Para a presidente do PT, deputada federal Gleisi Hoffmann (PR), a presença de políticos com pensamentos distintos reforça o foco para uma ação de Lira. "Acho que esse ato com essa diversidade ajuda a aumentar a pressão. Não tínhamos isso nos outros atos. Isso reforça muito o movimento político dentro da Câmara", comentou ela, que esteve no protesto na capital paulista.

A PM não estimou o número de manifestantes no Rio. A avenida Rio Branco chegou a ter quatro quarteirões ocupados.

"Assassinato premeditado"

O ato em Brasília teve críticas contra a inflação e a gestão do governo no combate à pandemia. Entre os objetos levados pelos manifestantes havia um caixão de papelão com a logomarca da Prevent Senior e a inscrição "assassinato premeditado", em alusão às investigações contra a operadora de saúde. Segundo denúncias feitas à CPI da Covid, a Prevent pressionou médicos a receitarem remédios sem eficácia comprovada e alterou prontuários para omitir a covid-19 como causa da morte.

Manifestantes caminharam pela Esplanada dos Ministérios até o Congresso Nacional e retornaram ao ponto inicial do evento, o Museu Nacional. Havia na manifestação objetos infláveis representando a alta de preços de alimentos, do gás e da luz, além de cartazes contra a reforma administrativa e as privatizações dos Correios e da Eletrobras.

No Recife e em Belém, os manifestantes se concentraram para os protestos na região central dessas capitais. Na capital pernambucana, uma manifestante foi atropelada ao final do ato.

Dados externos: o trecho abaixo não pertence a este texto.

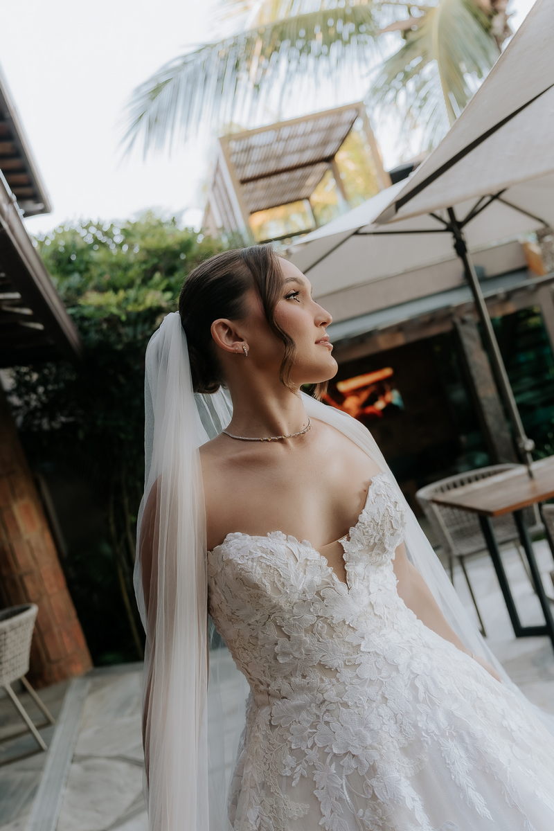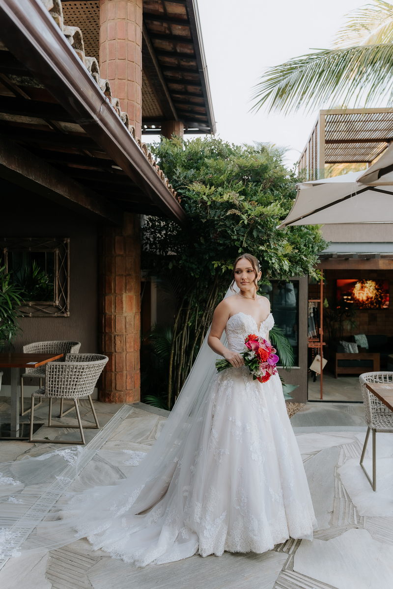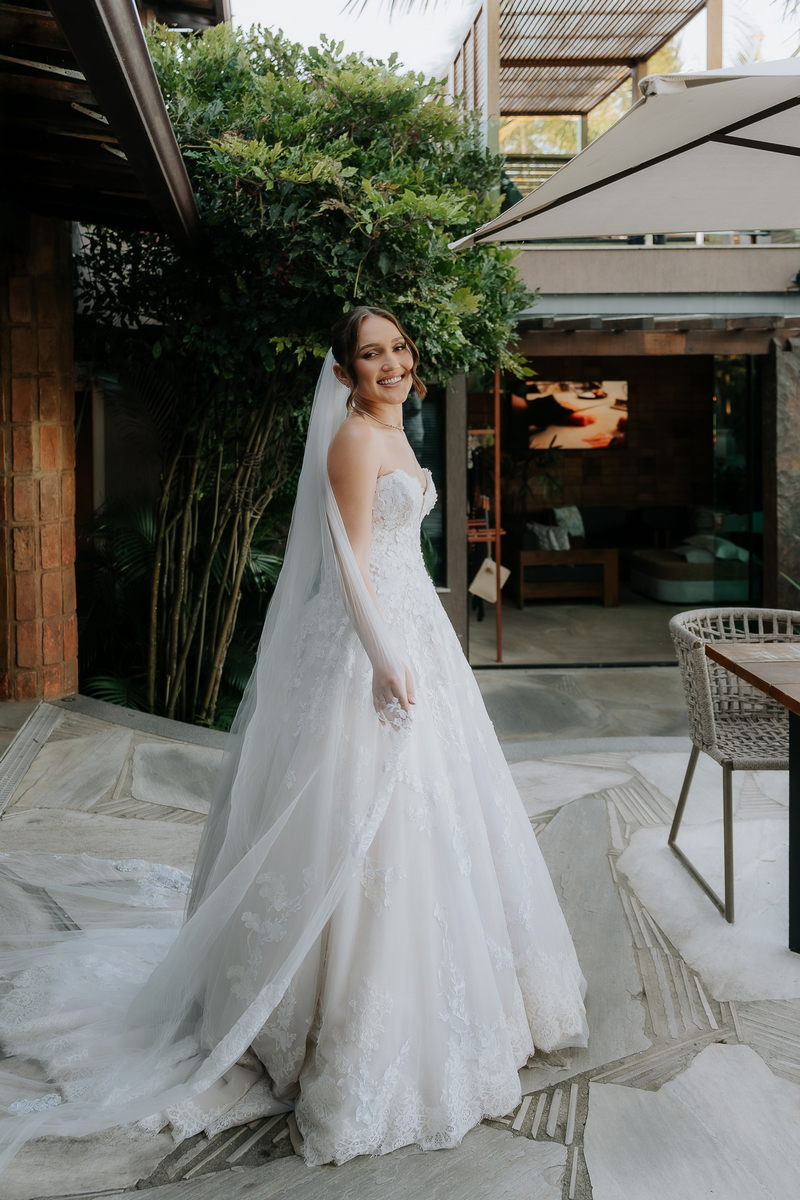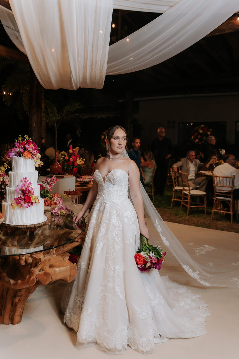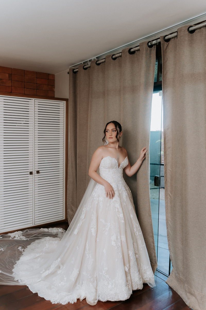 Lethycia estava absolutamente deslumbrante de noiva. Seu vestido de noiva La Modelista era um modelo evasê com caimento impecável. O decote tomara-que-caia em formato de coração, com painel de tule, trouxe modernidade e sensualidade ao visual. A renda floral aplicada em toda a peça trazia bordados delicados que se estendiam do corpete estruturado até a saia. A cauda, com acabamento em renda, abria-se majestosamente sobre o chão.
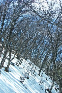 在馬鞍山頂?shù)谋泵婕氨逼拢幸黄坏竭呺H的樹林。冬天的這片樹林,呈成熟而貴氣的暗褐色,葉落枝出,紛亂、素凈、蕭瑟、清貴。于是,以雪地和樹林作背景,也照了不少相。

Belém - MARX VASCONCELOS/FUTURA PRESS/FUTURA PRESS/ESTADÃO CONTEÚDO - MARX VASCONCELOS/FUTURA PRESS/FUTURA PRESS/ESTADÃO CONTEÚDO
Manifestante segura bandeira brasileira em ato contra Bolsonaro em Belém
Imagem: MARX VASCONCELOS/FUTURA PRESS/FUTURA PRESS/ESTADÃO CONTEÚDO

Em Maceió, os manifestantes pediram "mais Paulo Freire". Integrantes da manifestação em Fortaleza criticaram a alta do preço do gás de cozinha, de alimentos e cobraram o impeachment do presidente. A manifestação começou na praça da Bandeira, na manhã de hoje, e segue pela área central da capital.

Uma situação inusitada ocorreu em Florianópolis momentos antes do protesto. Pela manhã, a maior parte da organização decidiu adiar o ato para 16 de outubro devido à possibilidade de chuva. Porém, a manifestação acabou saindo à tarde.

A decisão de manter o protesto foi tomada por integrantes da organização, contrários ao cancelamento. "Setores do PCdoB, PSOL e PDT decidiram suspender. Mas, por conta da situação atual do país, a gente entendeu que seria até criminoso desmarcar em cima da hora. Sem contar que muitas pessoas já tinham se programado e o protesto foi organizado nacionalmente", explica o presidente do Sintrasem, Renê Marcos Munaro,

Os manifestantes carregavam bandeiras de partidos políticos e de movimentos sociais. A organização também confeccionou uma grande faixa amarela com a frase "Lula Presidente". Não foram divulgadas estimativas de público pela organização ou pela Polícia Militar.

Na capital gaúcha, Porto Alegre, os manifestantes se concentraram na praça Rui Barbosa, em frente à prefeitura, e depois partiram em caminhada pelas ruas e avenidas do centro da cidade pedindo a saída de Bolsonaro. Eles também carregaram uma bandeira gigante do Brasil, com manchas em vermelha, o que indicaria as mortes por covid-19, que se aproximam de 600 mil no Brasil

Nos atos, os organizadores reforçaram a necessidade de adoção de medidas de segurança contra a pandemia causada pelo coronavírus, como uso de máscara, álcool em gel e distanciamento social.